Recent Repercussions
TTGDA’s report comes just over a month after Ryan Dancey, a more than 30-year veteran of the tabletop gaming industry, lost his COO job at publisher Alderac Entertainment Group after saying AI could generate game ideas as good as his company’s titles Tiny Towns and Cubitos.
Dancey said Alderac CEO John Zinser told him it was time to “move on to new adventures” in the “aftermath” of his LinkedIn post discussing the use of AI in board game design, which quickly attracted a flurry of negative comments from tabletop designers, AEG’s business partners and bodies such as the Tabletop Game Designers Association, as well as board gamers across social media.
Wingspan designer Elizabeth Hargrave, the co-founder of TTGDA, dismissed Dancey’s suggestion when speaking to BoardGameWire the day after his departure from AEG.
She said at the time, “I absolutely do not think AI could be prompted to come up with even the basic idea for those games, let alone a fully fleshed out ruleset for them. For fun, I’ve prompted several different options for ideas for Wingspan cards and not one of them has given me an actionable idea.
“I had a friend who ran a rulebook through AI for proofreading and it hallucinated that people needed to shout ‘bingo’. Apparently that’s AI’s conception of board games right now.”
She told BoardGameWire at the time that the TTGDA board had been discussing the use of AI in board game design, adding that it was “a conversation we need to have with our membership”.

She said, “We’re working on a model contract to offer to our members right now, and that will offer a clause that designers can request that will require publishers not to use AI in their final product. A lot of contracts ask us to certify that a board game design is our own, and not plagiarized.

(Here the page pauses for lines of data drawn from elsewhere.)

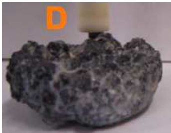
Катод после электролиза

Наноматериал в виде волокон (нитей) можно получать из воздуха. Для этого один из его компонентов растворяют в расплавленной смеси, состоящей из соли и оксида одного и того же металла (соль содержит 18.9% металла по массе, а оксид – 46.7% металла), добавляют следовые количества никеля и подвергают расплав электролизу со стальным катодом и никелевым анодом. Подбирая условия электролиза (концентрацию соли в оксида, плотность тока и количества примесей), можно получить материал, состоящий из прямых нитей, почти одинаковых по ширине.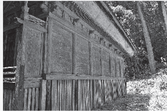
本殿の裏側。7間造りであることが分かる

神社に残る由来書「日枝神社明細書」によると、日枝神社社殿は建仁三(一一二二)年、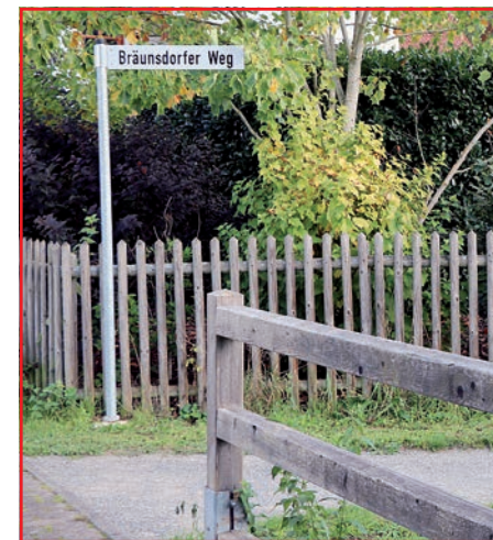
Der Bräunsdorfer Weg führt von der Hofstraße vorbei an der Einheitsbrücke bis zum Park St Cyr.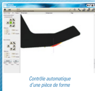
Contrôle automatique d'une pièce de forme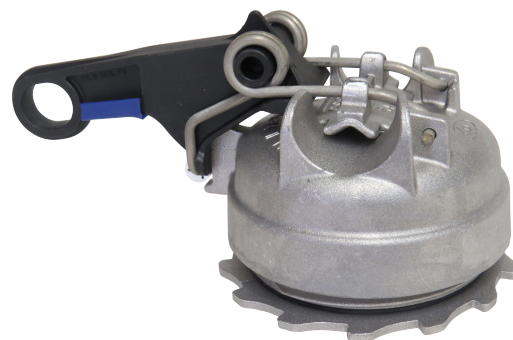
DERVAFIX2N7.5 - 8.5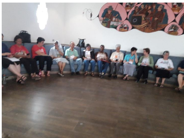
Alguns momentos do Encontro

“It’s my opinion that using AI in a final product goes against that, because it’s using a machine that’s built entirely on plagiarism.”
Hargrave added last month, “I do see people using AI for things like generating a bunch of placeholder names in a prototype. They’re often clunky options but they do the job when you know everything will change 50 times before you’re done anyway. I’m not aware of anyone who has successfully actually gotten good, original ideas for mechanisms from AI.

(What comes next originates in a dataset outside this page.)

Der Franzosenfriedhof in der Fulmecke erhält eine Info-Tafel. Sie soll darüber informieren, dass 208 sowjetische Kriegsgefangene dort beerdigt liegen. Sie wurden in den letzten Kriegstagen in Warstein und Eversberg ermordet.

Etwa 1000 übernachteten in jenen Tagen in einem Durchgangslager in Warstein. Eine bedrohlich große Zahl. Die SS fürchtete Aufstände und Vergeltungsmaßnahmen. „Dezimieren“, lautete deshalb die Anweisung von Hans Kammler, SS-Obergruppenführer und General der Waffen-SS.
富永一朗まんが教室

“What I wish we were talking about is how AI could be built to help designers run models of their games repeatedly to catch weird edge cases or broken strategies. I wish someone would build that tool instead of the language models that just focus on advanced auto-complete.

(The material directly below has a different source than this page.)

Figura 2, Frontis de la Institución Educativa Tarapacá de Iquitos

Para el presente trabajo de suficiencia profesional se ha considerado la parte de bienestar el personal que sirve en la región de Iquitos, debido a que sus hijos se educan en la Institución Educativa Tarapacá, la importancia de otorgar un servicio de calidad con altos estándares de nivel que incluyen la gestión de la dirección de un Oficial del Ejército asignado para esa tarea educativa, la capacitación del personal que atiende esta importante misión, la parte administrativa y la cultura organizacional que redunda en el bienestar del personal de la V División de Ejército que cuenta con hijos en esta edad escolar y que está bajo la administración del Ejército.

“This would never replace actual playtesting with humans for psychology and actual fun, but it might save me some repetitions.”
The TTGDA survey noted that one of the most common additional uses mentioned was as a source for help with probability, mathematics, and thinking about balance.
It said, “In some cases, designers are having the AI write spreadsheet formulas that they then use to do calculations in the spreadsheet. In others, they are simply asking the AI to do calculations.
“However, nearly as many designers said they had quite poor results with asking LLMs to do math, reporting errors and hallucinations. For example, one designer who used ChatGPT to calculate detailed probabilities (e.g. how often a certain set of cards might appear in a starting hand) said when they checked the results, they were wrong ‘roughly 1/4th of the time’. Another called ChatGPT ‘surprisingly bad at maths’.”
Last week board game publisher Awaken Realms responded to a wave of anti-AI art review bombing for its upcoming crowdfund, Concordia: Special Edition, by saying no AI-generated imagery will be used in the finished game.
Awaken Realms is one of highest-profile tabletop publishers to confirm it uses AI image generators, with other notable adopters of the technology including Stronghold Games – which attracted significant ire for its use of AI art in its $2.2m More Terraforming Mars! crowdfunding campaign.
The technology has been widely criticised by artists angry that the models are built upon their work without licensing or recompense, in addition to outcry over its environmental costs and threats to jobs in the creative and other industries.